Were you able to get the custom recovery on the phone working properly?

What step are you stuck on exactly in the guide you posted?


----------



## ozziesironman (Jun 30, 2010)

*Re: downgrade fender mytouch to 1.6?*



Coolfreak said:


> Were you able to get the custom recovery on the phone working properly?
> 
> What step are you stuck on exactly in the guide you posted?


middle of step 5. after loading the sapp file, and letting it do its thing after pressing the trackball, it seemed to have loaded new firmware, the stock MyTouch firmware, not the Fender edition firmware, and its stuck on the no sim card screen. unable to do ANYTHING. wont unlock, wont do anything. 
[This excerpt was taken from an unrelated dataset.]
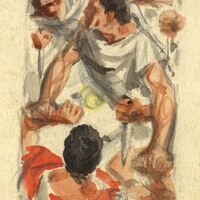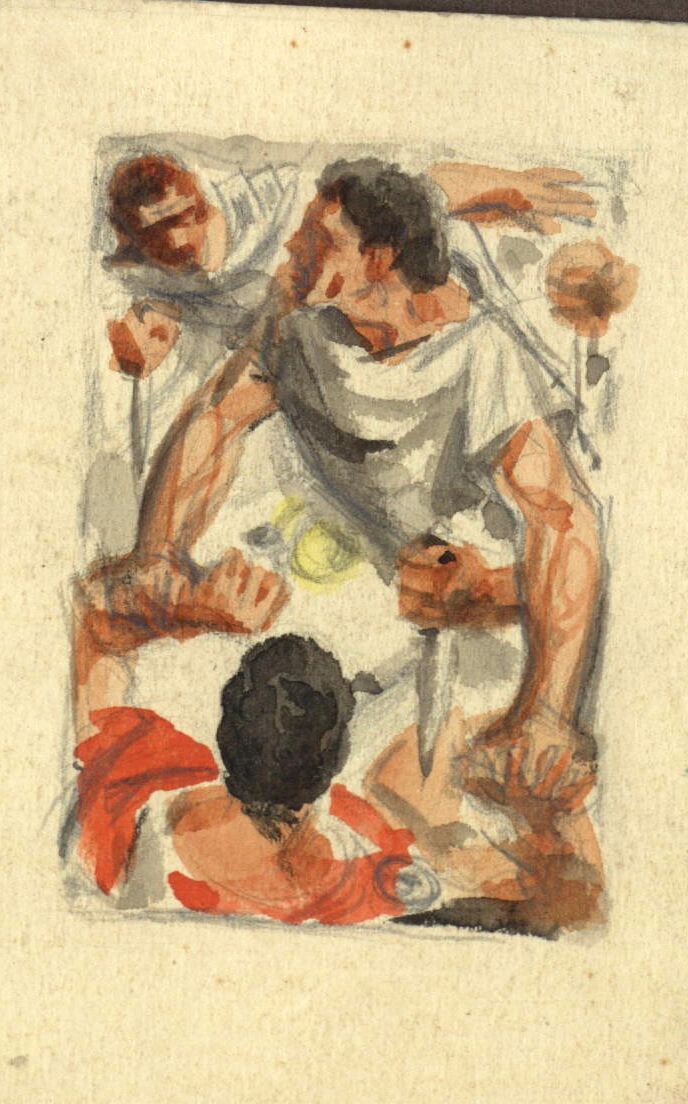 - Imagen de un hombre sujetando a otro, en un segundo plano un tercer hombre con aptitud de ayuda y una mano sujetando un puñal, por la vestimenta de los personajes sabemos que representan una escena de época Romana.

now if i put in a sim card, (doesnt matter if its my ATT sim card from my iPhone, or the Tmobile sim card from my dads HTC shadow (which btw does NOT have a data plan on it) i get the "press the android to begin setting up your mytouch" screen, and i press it, and i get to the setup google account screen. so the touch screen is working. but it cannot call out. I have NO wifi, NO cellular data, no 3G, etc. so it cannot link up with googles server and activate the phone. 

so when my mom gets home here shortly, I am going to be using her sim card to activate it, re-root it, then flash the custom fender rom I have for it. ill post up after i do this to let everyone know if it worked or not. 

i sure appreciate the help im getting on this! thanks!!


----------



## ozziesironman (Jun 30, 2010)

*Re: downgrade fender mytouch to 1.6?*

ok i got it totally restored to 1.6. runs great. turns out, mom is so used to the iphone, she doesnt like the android now. hahah.... oh well... big waste of time. grrrrr.

...now my stepdad, who i cant stand, is wanting to use it.... so i did all this work just so HE could use it.... thats another story. lol. 

thanks everyone for the help!!!! if i ever meet any of u folks in person, beers on me!


----------



## Coolfreak (May 27, 2008)

*Re: downgrade fender mytouch to 1.6?*

Glad to see everything is worked out!

I'll mark this thread as Solved.

Take it easy,

-Coolfreak


----------